Congratulations to their review for the relevance of their manuscript; I have some comments about it:

1. The authors are encouraged to incorporate, where available, recently published studies on the use of SGLT2 inhibitors in heart failure with preserved ejection fraction and their potential relevance to cirrhotic cardiomyopathy and emerging safety data on SGLT2I-associated acute kidney injury stratified by MELD-Na scores from large-scale population cohorts; as well as real-world registry data (e.g., from Optum or the VA) that could offer broader insights into outcomes such as transplant-free survival, hospital readmission for hepatic encephalopathy, and progression of cirrhotic cardiomyopathy.

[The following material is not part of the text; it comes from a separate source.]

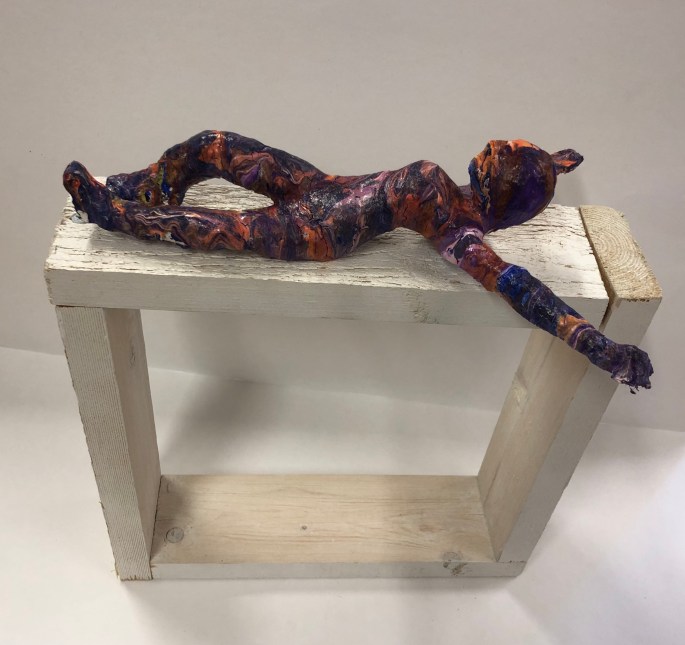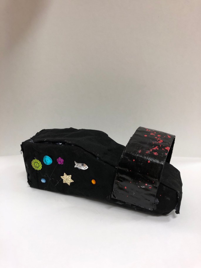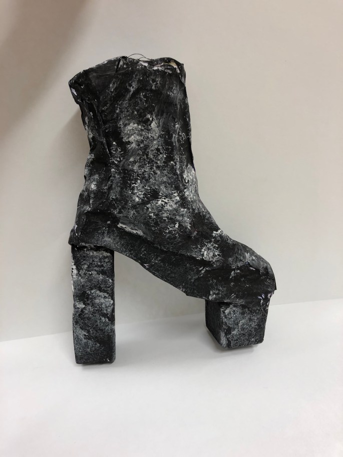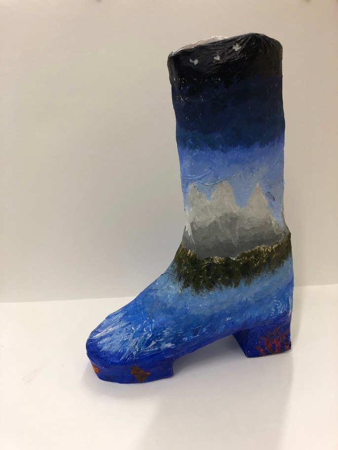 Stöveln nedan är byggd av kartong, hönsnät och papiermache.

Despite the aid of our experienced librarian, we can say with high level of certainty that no studies stratifying SGLT2I-associated AKI by MELD-Na or other liver severity are published at this time although our group will be looking to publish such data in the future. However, we did make a few new points here:

1. We have added data on SGLT2I inhibitors in HFpEF and their potential relevance to cirrhotic cardiomyopathy in lines 472-481.

 

2. Additionally, we have expanded on the discussion regarding hepatic encephalopathy in the slowed disease progression section (lines 441-442)

 

2. The manuscript would benefit from a dedicated section or paragraph addressing the pleiotropic effects of SGLT2 inhibitors beyond glycemic control and natriuresis. These agents have demonstrated anti-inflammatory, antifibrotic, antiarrhythmic, and metabolic benefits; in order to empower their manuscripts authors should include and briefly discuss these new evidences (doi: 10.1002/ehf2.15223.)

 

3. We reviewed the literature. While the suggested citation and antiarrhythmic properties were outside the scope of our review, we did find a 2025 meta-analysis revealing a potential anti-neoplastic role for SGLT2Is. We briefly discuss this new evidence to provide further mechanistic evidence that SGLT2Is may slow progression of cirrhosis and also suggest mechanisms for stated findings of our review (lines 435-449, Figure 2).

 

3.) Additionally, the inclusion of a visual summary—such as a schematic "mechanism of action" box—depicting the proposed physiological pathways of SGLT2Is in cirrhosis (e.g., natriuresis, modulation of mean arterial pressure, anti-inflammatory effects) would enhance the clarity and educational value of the manuscript.

 

We have generated a diagram to illustrate the main points of the article listed as Figure 2. This summarizes the main findings of the 6 domains and ties them to the mechanisms of action that we propose to be responsible for each finding. We feel it is a quick summary to enhance the educational value of the manuscript.

 

Author Response File: Author Response.pdf

Round 2

Reviewer 1 Report

Comments and Suggestions for Authors

The revised version of review titled (The Effects of Sodium-Glucose Cotransporter Protein-2 Inhibitors in Liver Cirrhosis: An Updated Systematic Review of the Literature) by Sudheer Dhoop  et al. was improved compared to the original submission.

I am pleased to recommend its acceptance in IJMS

Reviewer 2 Report

Comments and Suggestions for Authors

Congratulations to the authors for the revised version of their manuscript.